I'm not advocating for it (to be honest, it scares the hell out of me) - but this is where I see the overall trend heading.


This is the doomsday scenario again, though.

In a world where we have the technology to go from two lines of prompt in a textbox to a complete app, no questions asked, then the same technology can run the entire company. It's kind of hard to believe transformers models are capable of this, given we are already starting to see diminishing returns, but if that's what you believe they are, then you believe they can effectively do anything. It's the old concept of AI-complete.

If you need to formally specify behavior, at any point in the pipeline, then we're back to square one: you just invented a programming language, and a very bad one at that.

This remains true for any version of a language model, even an hypothetical future LLM that has "solved" natural language. I would not rather write natural language than formal language given the chance.


> If you need to formally specify behavior, at any point in the pipeline, then we're back to square one: you just invented a programming language, and a very bad one at that.
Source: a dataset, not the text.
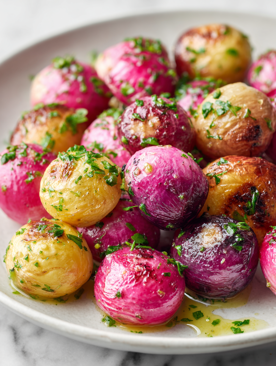 • I started making this dish on hectic weeknights when I needed something quick but satisfying. The smell of garlic and thyme filling the kitchen as they roast is oddly calming, a small ritual that turns the ordinary into something special. Over the years, it’s become a little tradition—an easy way to make radishes feel like a treat, not just a veggie side.

But what if the "programming language" is not a general-purpose language, but a context/business domain specific language? One that is trained on the core business at hand? What if that "language" had access to all the same vocabulary, project history (both successful and unsuccessful), industry regulations, code bases from previous (perhaps similar) solutions, QC reports, etc.? What if the "business savvy" consumer of this AI can phrase things succinctly in a fashion that the AI can translate into working code?

I don't see it as a stretch "down the road." Is it possible today? Probably not. Is it possible in 5-10 years time, I definitely think so.
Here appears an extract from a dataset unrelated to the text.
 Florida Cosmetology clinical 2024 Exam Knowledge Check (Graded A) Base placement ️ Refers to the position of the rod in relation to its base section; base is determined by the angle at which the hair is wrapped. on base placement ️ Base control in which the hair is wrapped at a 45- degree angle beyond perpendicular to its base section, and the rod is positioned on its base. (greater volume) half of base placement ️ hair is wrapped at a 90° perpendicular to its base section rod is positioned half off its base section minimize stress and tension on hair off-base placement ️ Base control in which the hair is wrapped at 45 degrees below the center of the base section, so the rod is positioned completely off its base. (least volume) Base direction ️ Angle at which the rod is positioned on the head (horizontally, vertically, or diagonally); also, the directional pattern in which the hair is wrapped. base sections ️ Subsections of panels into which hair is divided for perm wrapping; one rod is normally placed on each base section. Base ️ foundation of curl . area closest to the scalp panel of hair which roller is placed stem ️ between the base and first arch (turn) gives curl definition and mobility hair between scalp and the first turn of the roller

I agree with your point about how to best use it today. We have seen that each new model generation both improves the prior tasks and unlocks new ones through emergent behavior. That’s the fascinating/scary part of this development. And yes, it’s “just” a language model. It’s “just” predicting next token given training + context. We don’t really understand why it’s working and it’s evolving non-linearly.

I asked GPT-4 to give me an SVG map of my town. I then asked it to put dots on some local landmarks. The map was toddler level, but the landmarks were relatively accurate in terms of their relationship to each other and the blob that it drew.

So this is a language model that has some emergent notion of space in its code generation abilities.


This is far from the doomsday argument, but maybe it's the "AI can do everything that has significant economic value today" argument.